En todos los casos, recibimos una mirada de reprobación. Los ojos pasaban de concentrarse en las características del animal para subir y encontrarse con nosotros, cuestionando el hecho de que anduviéramos por ahí exhibiendo a un pez muerto.
—No, no tenemos ese tipo de pez—nos respondían.
Si la cara de reprobación era demasiado evidente, mi esposo contaba la situación. Lo que conllevaba a que escucháramos la misma respuesta:
—¿Por qué no decirle la verdad a su hijo?
Entonces, el encargado o encargada de la tienda pasaba a darnos un largo sermón que, en muchos casos, incluía anécdotas. En estos instantes Julián trataba de justificar nuestra manera de actuar y yo, cuando veía que sus argumentos flaqueaban, tomaba la palabra e intentaba sacarnos a flote.
Llegamos a casa a las 3 de la tarde. No conseguimos el pez que buscábamos, pero compramos uno que se le parecía mucho: era plateado, pero algo más pequeño y sin las franjas negras alrededor de la cabeza. Mi esposo creía que, si lo pintábamos, nuestro hijo no lo notaria.
—No podemos pintar el pez, creo que incluso es ilegal—dije.
No pareció importarle. Sacó el pez de la bolsa en que lo traíamos y lo acostó sobre un plato en el que había un poco de agua. El animal comenzó a sacudirse.
—¡Sujétalo!
—Se nos va a morir—grité.
Mi esposo corrió hacia una alacena y trajo un pincel, una caja de pinturas y una cinta.
—¿Qué haces?
—Voy a pintarlo, te dije—respondió.
—Vamos a matarlo.
—No exageres.
—¿No crees que deberíamos decirle la verdad a Santiago?
—Si no vas a ayudar, no estorbes—dijo quitando mis dedos y sujetando con los suyos el cuerpo del pez; con el índice y el pulgar de la mano derecha, como si se tratara de una hazaña, abrió la pintura negra y hundió el pincel. Luego lo pasó por encima del animal que, al sentir la pintura sobre su textura escamosa, se sacudió con más fuerza.
—Ayúdame—gritó mi esposo—. No te quedes viéndome la cara.
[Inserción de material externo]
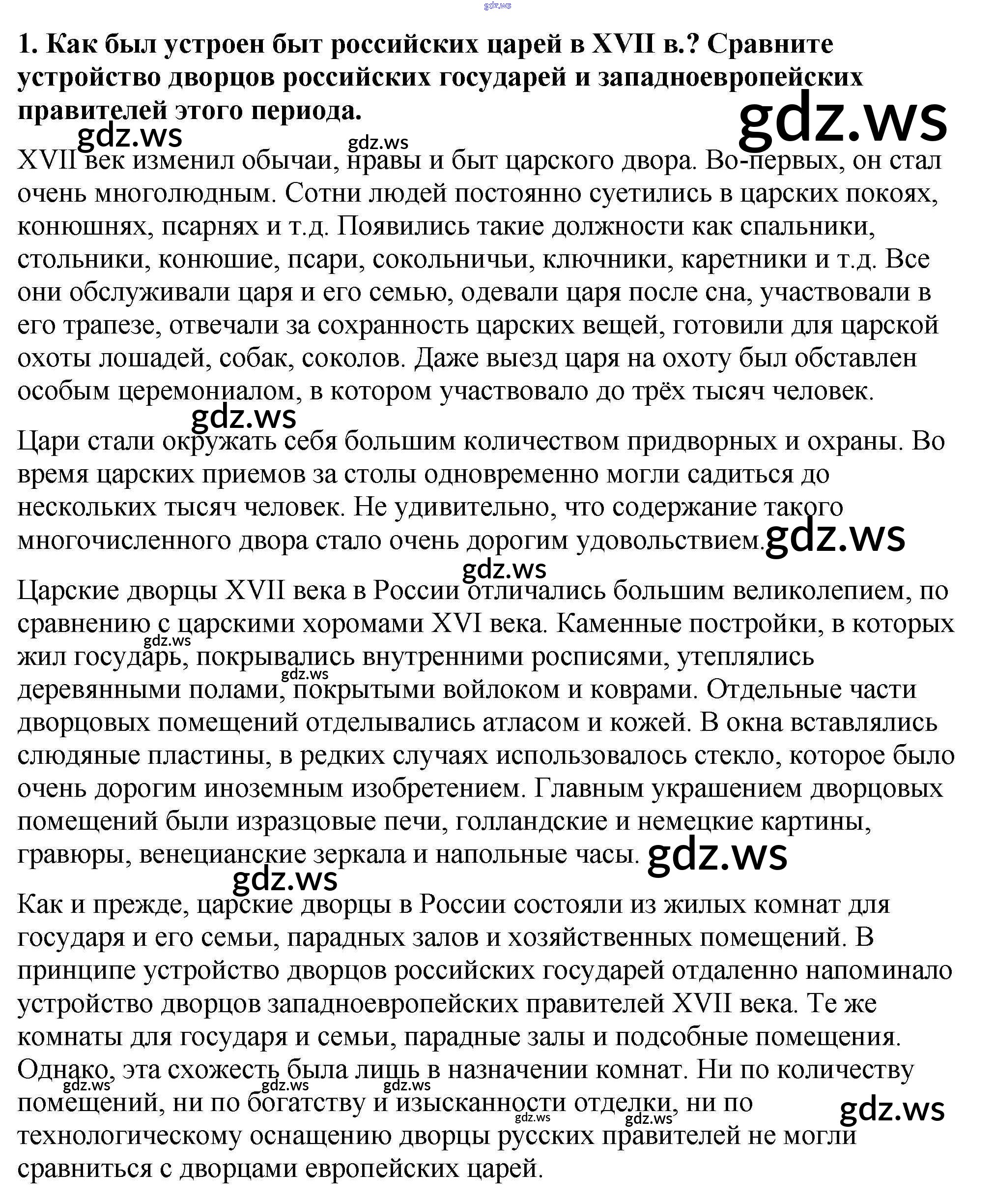 Готовый и полный ответ к Вопросы и задания Сословный быт и картина мира русского человека в XVII в. - Истории 7 класс Арсентьев Учебник ФГОС

De mala gana apreté con suavidad la cola del pez. Julián pasó dos veces el pincel por la cara del animal, dejando una estela negra que se disolvía en el agua y formaba una mancha negruzca que caía hacia el plato. Aquel animal en nada se parecía a Ramón. Se me ocurrió que tenía más parecido a Gene Simmons de Kiss. Luego, en un rápido movimiento, mi esposo rompió un pedazo de cinta y la pegó sobre la cara de Gene (como lo bauticé), buscando evitar que toda la tinta se disolviera.
—Voltéalo.
Resignada hice lo que me pidió y lo vi hacer lo mismo sobre el otro costado del animal. La cinta, que se había llenado de pintura negra, cubría parte de los ojos. Se lo mencioné.
—Ahora en el agua se le quita—respondió.
Metí a Gene a la pecera justo en el momento en que escuchamos el bus escolar acercándose. Mi esposo corrió a recibir a nuestro hijo. Yo me quedé viendo el pez que nadó varias veces alrededor del acuario, como haciendo reconocimiento del área, y luego se detuvo y empezó a hundirse entre las piedrecillas y las hierbas artificiales. Mi hijo, que había entrado y se había ubicado cerca de mí, contempló la escena sin decir una palabra. Volteé la cara buscando a Julián. Contemplé sus ojos vidriosos y la boca donde se ahogaba el llanto. Ahora tendríamos que explicar a nuestro hijo la muerte del pez y no olvidaríamos que nosotros lo matamos.»